This is a review, by William Benzanson, of the first edition of my book: “Quintessence of Dust: The Mystical Meaning of Hamlet”:

http://community.omtimes.com/profiles/blogs/quintessence-of-dust-the-mystical-meaning-of-hamlet

A Review of Kenneth Chan’s book, by William Bezanson


Having wanted to read this book for nearly two years, I found that it had risen to the top of my pile and I finally got to it. I have been interested in Shakespeare’s play Hamlet ever since I first studied it in high school. I re-read it about once every ten years, along with various commentaries and interpretations. But this time, knowing that the author was also a member of a Rosicrucian group to which I belonged, and that his topic involved a mystical view of the play, gave me increased enthusiasm as I approached the play through this relatively new book.

I had never considered a mystical viewpoint when reading Shakespeare’s plays. Of course, I was already familiar with the theory that the Shakespearean plays were written by Francis Bacon, an early Rosicrucian Imperator, and that might have triggered a suspicion of mysticism, but I did not put much credence in that theory.

This is a wonderful book, and it came to me at a wonderful time, in terms of my readiness. The student was ready, so the teacher appeared. The book is best summed up in its Epilogue by Chan himself. I paraphrase his five major summary points about the book here:

  • We need to recognize the mystery world, and to accept our mortality, and to face the profound.
    • We need to stop distracting ourselves from the truth, and to stop superficially beautifying what is rotten inside.
    • Being false to ourselves makes us false to others.
    • We need to examine whether we are mad in persisting with our deceptions.
    • Revenge and judgment of others is wrong and may lead to disaster.

Rather than amplifying on these points, which amplification is done masterfully by Chan in showing how nearly every speech or action in the play builds up one or other of the points, I want to describe how the book had personal meaning for me.

As I neared the end of the book, experiencing delight with each new insight that it gave, I suddenly and unexpectedly had a revelation, a new awareness, that the book was written specifically for me. There was personal meaning in the book for me. So very many other books that I have read provided entertainment, knowledge, challenge, interest, and so on, but not much of a personal nature. I would put them on the shelf, and forget them. But this one was for me.

Now, I hope that I am not so vain as to think that it was Really for only Me, but that every reader could realize that the book had been written for each person who reads it seriously. After all, that’s one of the characteristics of Great Books. So, following that criterion, Chan has written a Great Book.

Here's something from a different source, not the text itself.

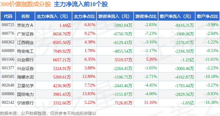 资金流向方面,300价值(000919)指数成份股当日主力资金净流出合计32.37亿元,游资资金净流入合计16.04亿元,散户资金净流入合计16.33亿元。成份股资金流向详情见下表:

My insight, which struck me quite vigourously, made me realize that I had not been “facing the profound”, and that I had been “distracting myself from the truth”, and that I had been “mad in persisting with my deceptions”. For years I had been ignoring serious issues, superficially wasting my time, and madly wasting a good deal of my intellect, thoughts, and creativity. I had a very important need to recognize certain “rotten” aspects of my inner life, to bring them out into the open of my conscious mind, to address them, to deal with them, to integrate them, to acknowledge them, to name them, and in doing all of this, to rise above them and to move on beyond them so that they could stop interfering with my evolution and stop holding back my spiritual development.

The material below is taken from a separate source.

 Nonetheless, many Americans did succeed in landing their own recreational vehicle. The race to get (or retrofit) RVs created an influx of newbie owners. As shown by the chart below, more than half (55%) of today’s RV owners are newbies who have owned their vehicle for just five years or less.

Chan’s mystical interpretation of the words, scenes, interactions, characters, images, and events in Hamlet struck a chord in me, subtly establishing an attunement among Shakespeare, Chan, and myself to the point that I believe that I underwent a brief initiation in spiritual growth. My intuition had led me to this book and its insights. Now, with this new awareness, if I ignore this new intuition, I would be emulating the real Tragedy that Shakespeare had Hamlet play out for us.

 It would take too long to explain the details of my self-view of my own inner decay, and such details would not be meaningful to others. But for sure they were meaningful to me! Now, after all these decades of being intrigued and attracted by Hamlet, now I have a glimpse of understanding of what the attraction was. I had to read it regularly, to prepare myself to read Chan’s book. Chan had to write his book, to stimulate my, and others’, inner awakening. Shakespeare had to write Hamlet, to be a catalyst for spiritual growth for the large numbers of people who were ready for the alchemical process.

So now my resolution is to honour this amazing insight, and to honour Chan and Shakespeare. My regular meditations and visualizations will include self-honesty and inner work on recognizing the mystery world within me, to overcome my madness, and to stop being false to myself.

I am grateful to a Rosicrucian colleague for drawing my attention to Quintessence of Dust, to Kenneth Chan for writing it, to Shakespeare for writing Hamlet, and to God for influencing all of that to come to be. My only caveat in recommending the book to others is that the reader should be ready for it. The book stimulated an initiation for me. Unknowingly, I had prepared for that initiation over many years. I can’t predict what effect the book will have on other readers. But I hope that describing the personal impact it had on me will encourage others to read the book and to internalize its message.